AV-Comparatives assigns each product one of four scores: A+, A, Standard, and Tested (a nice euphemism for failed). To get an A+ one has to have 97% detection and fewer than 15 false positives.

This time around, we were the only AV product to score in the top-5 in each category (and no, that does not mean we were 5th in each category). We were #5 in Detection, #2 in False Positives, and #1 in Speed.

  1. Detect Malware. AV-Comparatives runs about 4 million malware samples through the products. One set of 2.5 million is old and they expect all products to detect them. Then they run a set of 1.5 million newer samples. To get a top score one must detect at least 97% of this second set. We scored a 98% for the #5 ranking. But, two of the higher detectors (Avira and McAfee) were downgraded for excessive False Positives. The top performer in this category was GData—a product that uses two AV engines (one of which is Avast) so it can maximize detections but at the expense of speed, false positives, and footprint. The only single engine A+ rated product with a higher detection than us was Norton and it was only slightly higher (98.3%). Many well known products such as Microsoft, AVG and Kaspersky failed to make the 97% threshold.
  2. Not detect false positives. If a product finds more than 15 false positives in the clean set, its score is lowered.

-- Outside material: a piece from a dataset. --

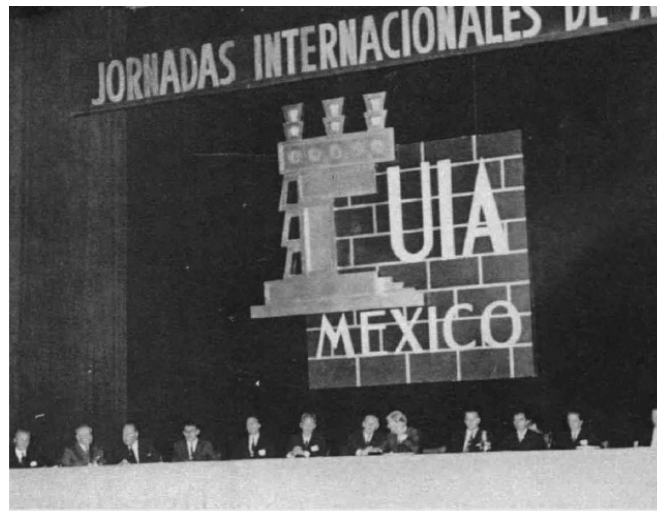
02 Inauguración de las VIII Jornadas Internacionales de Arquitectura en México en 1963

This happened to us 6 months ago when we had too many false positives and we got downgraded from an A+ to an A. We spent a lot of time in the recent months upgrading our ability to not detect false positives—we added over 1TB and 150,000 files to our known clean set. The result was fantastic as we had only 5 false positives for the 2nd position and we were only 1 false positive behind the category leader. Some of the big names had tremendous problems this time around. McAfee with their "in the cloud" detection had 41 False Positives. Avira was downgraded to an A rating because of 21 false positives. Symantec barely made the A+ cutoff with 13 false positives.
  3. Process quickly (i.e. speed). We are usually in the top 1/3rd but we have been spending time optimizing our product and this time around we got the #1 position. Slightly behind us was Norton who has been heavily advertising the "Need for Speed". We agree. Customers need speed—a fast product with high detection and few false positives. And that is Avast! Most competitors had speeds half of ours and some (such as Microsoft) were about three times slower.

So, were we the best overall? I think so. Check out the results for yourselves and make your own decision: www.av-comparatives.org. To find the report, click on the "On Demand Comparative August 2009" link near the top right of the page.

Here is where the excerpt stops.